Tuesday, February 11, 2014

Yellen doesn't see risk to US economy from volatility

    The U.S. Federal Reserve does not believe the recent volatility in global financial markets poses a substantial risk to the U.S. economy, Janet Yellen, the new chair of the Federal Reserve said in her prepared testimony to a congressional committee.
    In her first public appearance since taking over from Ben Bernanke last week, Yellen largely repeated the January statement by the Fed's policy making body, the Federal Open Market Committee (FOMC), and said she wanted to "emphasize that I expect a great deal of continuity in the FOMC's approach to monetary policy."

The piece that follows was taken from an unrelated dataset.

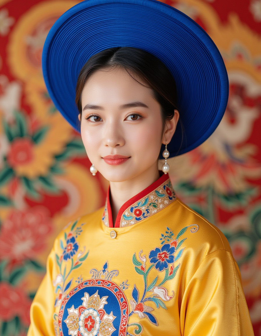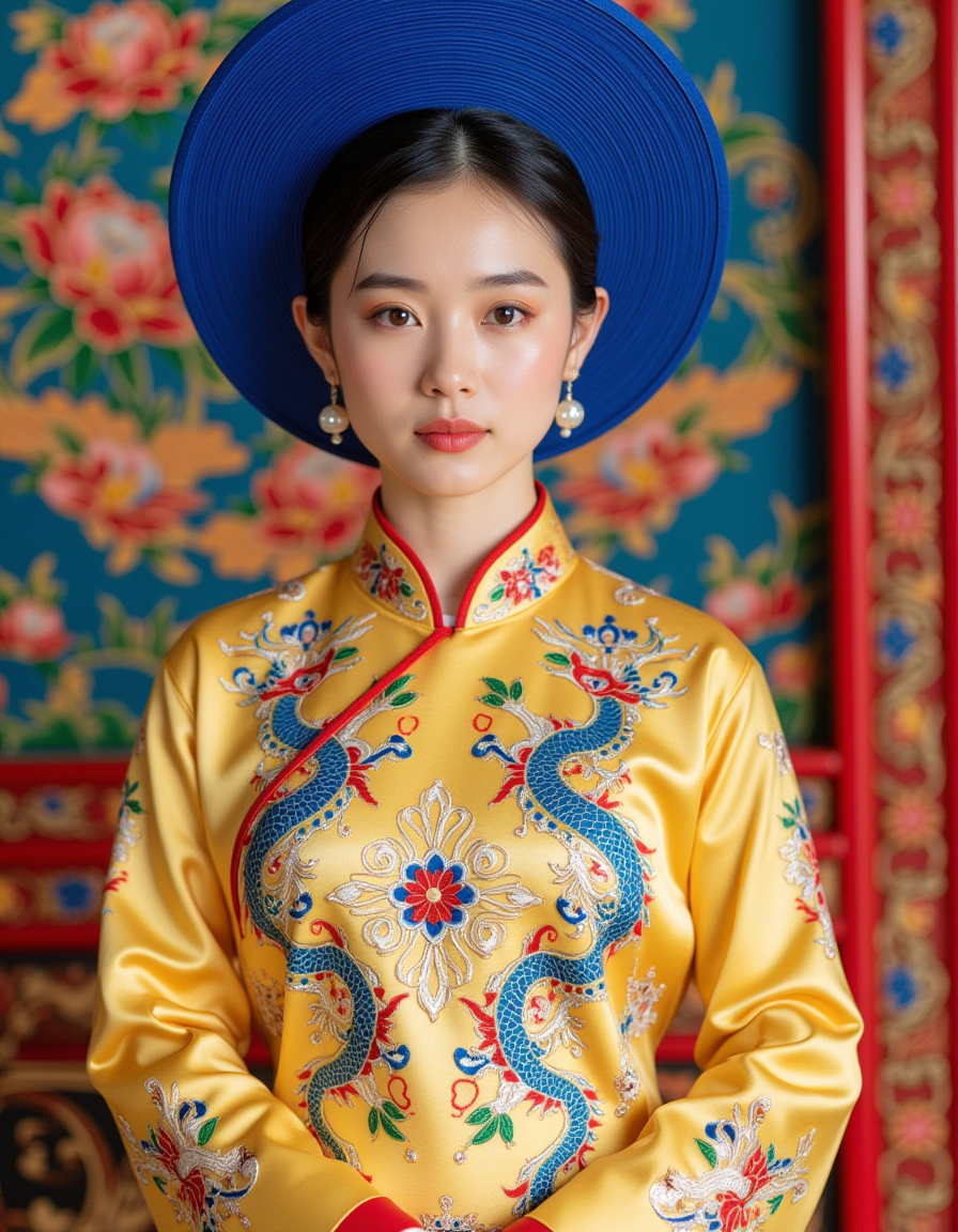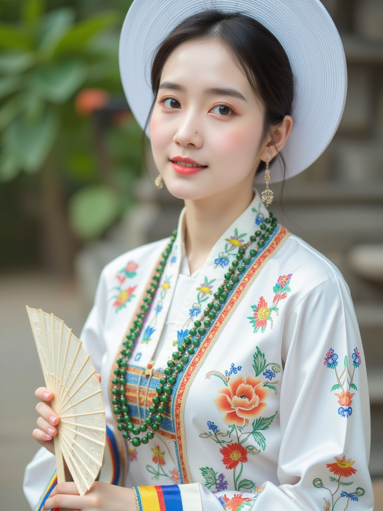 전통적인 베트남 아오 dài를 입은 여자. 푸른색, 빨간색, 노란색, 녹색으로 수놓아진 화려하고 정교한 꽃무늬와 기하학적 무늬가 장식된 흰색 로브를 입고 있다. 그녀는 층을 이룬 녹색 비즈 목걸이를 액세서리로 착용하고 있으며, 한 손에는 세밀한 무늬가 있는 부드러운 선풍기를 정교하게 들고 있고, 시선은 부드럽고 고요하다. 머리는 큰 흰색 원형 전통 모자(논 콰이 타오) 아래에 단정하게 스타일링되어 있다. 배경은 실외로, 흐릿한 녹지와 오래된 석조 건물이 있어 전체 장면에 평화롭고 문화적으로 풍부한 분위기를 더한다.

    In December the Fed decided the U.S. economy was strong enough to begin the process of unwinding its monthly asset purchases of $85 billion and reduced the purchases by $10 billion in January. Last month the Fed trimmed another $10 billion from its February purchases.

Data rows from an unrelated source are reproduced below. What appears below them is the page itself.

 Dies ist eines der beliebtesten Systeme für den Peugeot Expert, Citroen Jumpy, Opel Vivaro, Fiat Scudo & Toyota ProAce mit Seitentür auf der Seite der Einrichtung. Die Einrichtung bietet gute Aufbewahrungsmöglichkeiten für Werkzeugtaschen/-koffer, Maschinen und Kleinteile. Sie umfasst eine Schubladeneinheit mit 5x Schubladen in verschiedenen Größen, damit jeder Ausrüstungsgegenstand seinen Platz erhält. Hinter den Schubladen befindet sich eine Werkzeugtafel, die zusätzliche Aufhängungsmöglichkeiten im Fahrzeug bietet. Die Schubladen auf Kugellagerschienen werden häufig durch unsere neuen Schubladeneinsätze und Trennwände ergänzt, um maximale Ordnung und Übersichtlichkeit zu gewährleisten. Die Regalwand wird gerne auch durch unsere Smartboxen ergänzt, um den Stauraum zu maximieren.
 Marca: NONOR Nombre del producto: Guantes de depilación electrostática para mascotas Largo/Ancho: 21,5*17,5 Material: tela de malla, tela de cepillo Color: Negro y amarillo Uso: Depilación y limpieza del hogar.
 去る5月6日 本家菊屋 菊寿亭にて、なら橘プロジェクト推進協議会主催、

     But last week's volatility in global financial markets, which led to the depreciation of the currencies of many emerging markets from capital outflows, raised speculation that the Fed could delay a further reduction in asset purchases.
    But Yellen said she expected U.S. economic activity to continue to expand at "a moderate pace."
    "We have been watching closely the recent volatility in global financial markets. Our sense is that at this stage these developments do no pose a substantial risk to the U.S. economic outlook," she said.
    In addition to deciding to taper its asset purchases, the Fed in December also said it expected to maintain the target for its policy rate, the federal funds rate, at the current 0-0.25 percent, "well past the time" that the unemployment rate declines below 6.5 percent and inflation is no more than half a percentage point above its 2.0 percent long-run goal. Both thresholds were set by the FOMC in December 2012.
    With the U.S. employment rate falling to 6.6 percent in January, financial markets are starting to question just what the FOMC meant by "well past the time."
    "Crossing one of these thresholds will not automatically prompt an increase in the federal funds rate, but will instead indicate only that it had become appropriate for the Committee to consider whether the broader economic outlook would justify such an increase," Yellen told the House of Representatives' committee on financial services.
    Yellen acknowledged the fall in the U.S. unemployment rate but added that the recovery of the labor market was far from complete and remains well above the level that the Fed considers to be consistent with maximum employment.
     People without jobs for more than six months continue to make up an unusually large part of the unemployed and the number of people that are working part time but would prefer full time remains very high, she said.
    "These observations underscore the importance of considering more than the unemployment rate when evaluating the condition of the U.S. labor market," Yellen said.